_Data to examine_
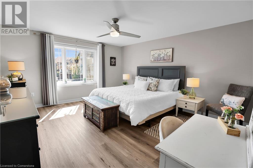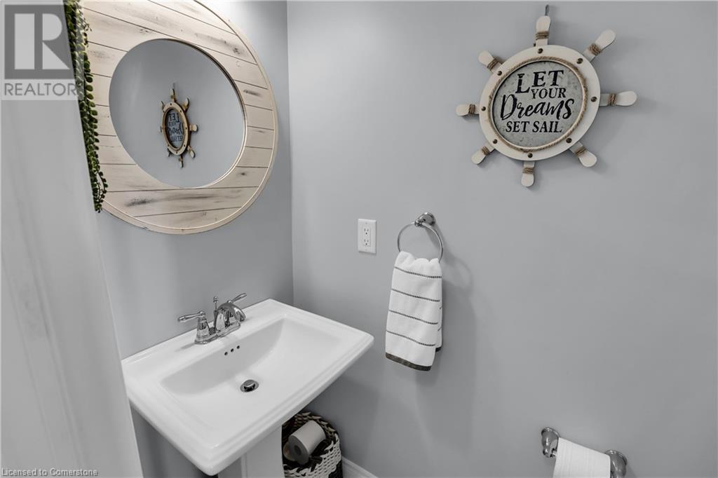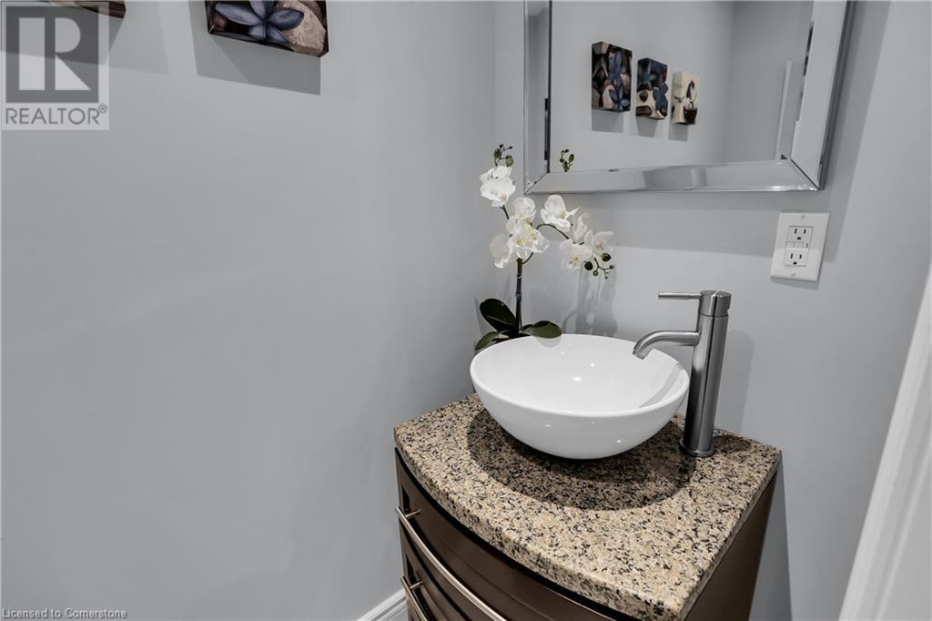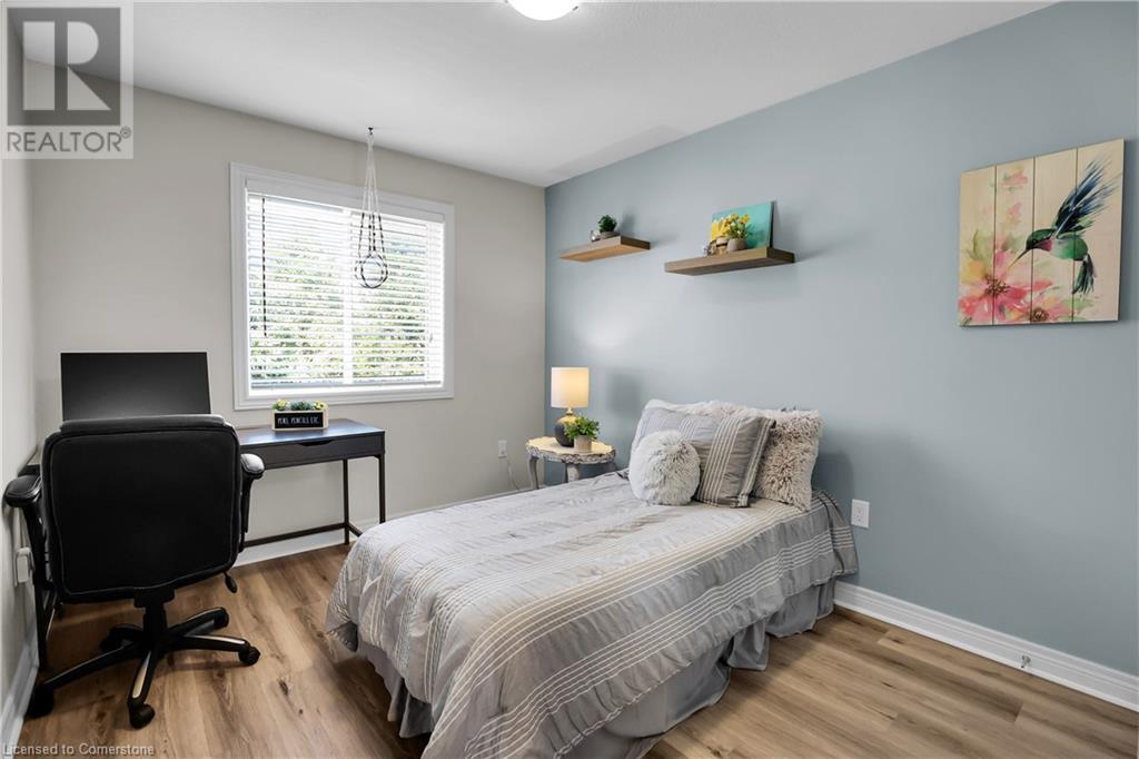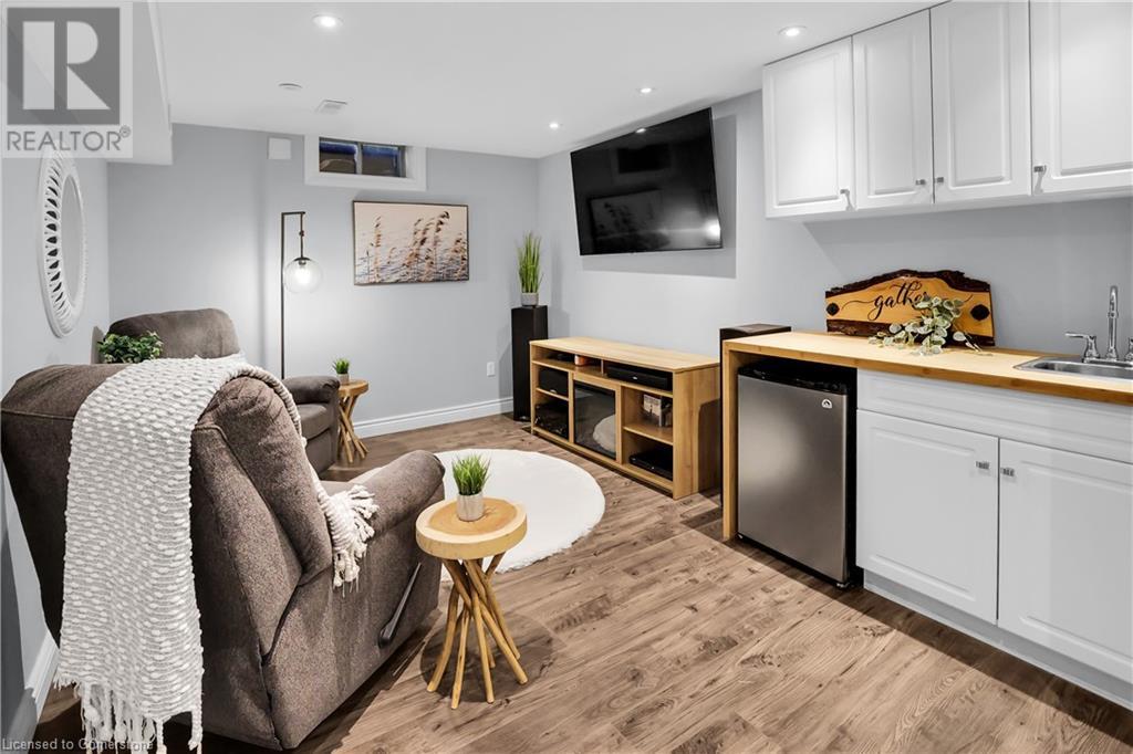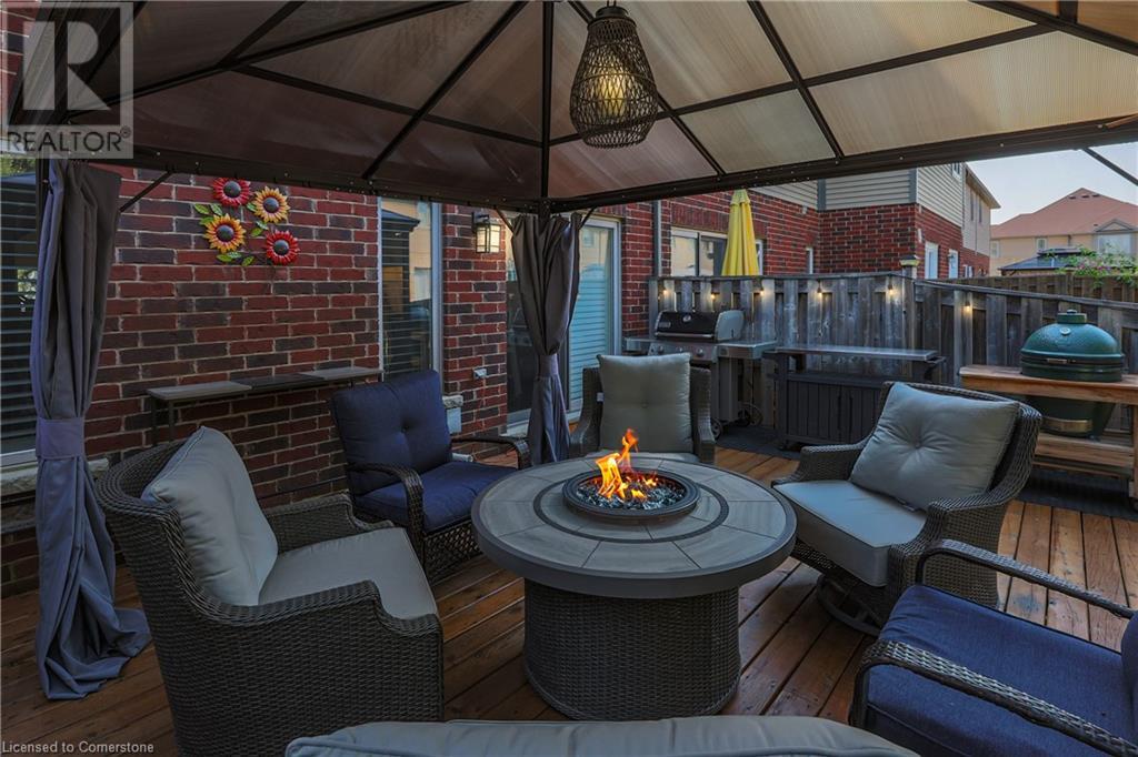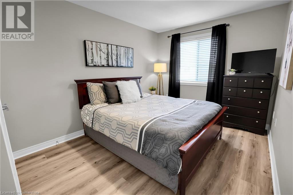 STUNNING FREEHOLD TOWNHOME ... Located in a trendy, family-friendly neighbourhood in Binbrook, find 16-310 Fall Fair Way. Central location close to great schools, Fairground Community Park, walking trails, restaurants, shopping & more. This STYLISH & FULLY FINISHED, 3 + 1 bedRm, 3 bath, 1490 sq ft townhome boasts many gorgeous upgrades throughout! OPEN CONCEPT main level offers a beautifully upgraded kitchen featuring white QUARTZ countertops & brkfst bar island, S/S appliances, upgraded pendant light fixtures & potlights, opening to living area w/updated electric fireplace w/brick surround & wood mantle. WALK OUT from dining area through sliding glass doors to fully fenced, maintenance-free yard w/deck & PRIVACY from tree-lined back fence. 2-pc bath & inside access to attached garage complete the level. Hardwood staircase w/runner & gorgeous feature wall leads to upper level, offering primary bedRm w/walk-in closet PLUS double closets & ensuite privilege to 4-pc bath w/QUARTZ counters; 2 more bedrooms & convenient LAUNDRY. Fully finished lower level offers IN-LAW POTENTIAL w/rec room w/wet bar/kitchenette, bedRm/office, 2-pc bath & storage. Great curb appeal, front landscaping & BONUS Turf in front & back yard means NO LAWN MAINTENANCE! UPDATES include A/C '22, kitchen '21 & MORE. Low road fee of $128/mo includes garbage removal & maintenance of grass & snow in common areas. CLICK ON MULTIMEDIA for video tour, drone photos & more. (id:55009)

---

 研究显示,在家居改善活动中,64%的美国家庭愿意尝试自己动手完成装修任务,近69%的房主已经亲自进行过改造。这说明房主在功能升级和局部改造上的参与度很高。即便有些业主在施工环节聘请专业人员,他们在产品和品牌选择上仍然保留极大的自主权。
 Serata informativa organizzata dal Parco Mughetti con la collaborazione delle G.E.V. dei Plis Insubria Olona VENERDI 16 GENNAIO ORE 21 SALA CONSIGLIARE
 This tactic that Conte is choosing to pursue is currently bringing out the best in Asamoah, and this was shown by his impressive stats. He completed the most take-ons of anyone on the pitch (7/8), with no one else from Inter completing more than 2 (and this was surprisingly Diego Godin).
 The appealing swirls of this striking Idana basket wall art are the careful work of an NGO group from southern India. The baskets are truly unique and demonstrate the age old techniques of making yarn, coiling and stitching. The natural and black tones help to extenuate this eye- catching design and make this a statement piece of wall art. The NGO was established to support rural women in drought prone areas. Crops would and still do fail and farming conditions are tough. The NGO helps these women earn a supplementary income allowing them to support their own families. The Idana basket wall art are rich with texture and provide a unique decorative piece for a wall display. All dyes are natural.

==

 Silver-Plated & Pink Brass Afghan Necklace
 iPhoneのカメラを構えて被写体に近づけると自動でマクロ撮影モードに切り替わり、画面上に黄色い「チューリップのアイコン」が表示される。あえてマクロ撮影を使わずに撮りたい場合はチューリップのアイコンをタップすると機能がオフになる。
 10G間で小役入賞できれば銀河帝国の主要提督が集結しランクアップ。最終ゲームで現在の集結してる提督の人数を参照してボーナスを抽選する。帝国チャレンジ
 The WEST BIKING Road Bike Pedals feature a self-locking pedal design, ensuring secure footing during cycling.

_Exercise requirements_
Show each line of the material that includes the string "with" by copying it.

_Answer to the exercise_
 This tactic that Conte is choosing to pursue is currently bringing out the best in Asamoah, and this was shown by his impressive stats. He completed the most take-ons of anyone on the pitch (7/8), with no one else from Inter completing more than 2 (and this was surprisingly Diego Godin).
 The appealing swirls of this striking Idana basket wall art are the careful work of an NGO group from southern India. The baskets are truly unique and demonstrate the age old techniques of making yarn, coiling and stitching. The natural and black tones help to extenuate this eye- catching design and make this a statement piece of wall art. The NGO was established to support rural women in drought prone areas. Crops would and still do fail and farming conditions are tough. The NGO helps these women earn a supplementary income allowing them to support their own families. The Idana basket wall art are rich with texture and provide a unique decorative piece for a wall display. All dyes are natural.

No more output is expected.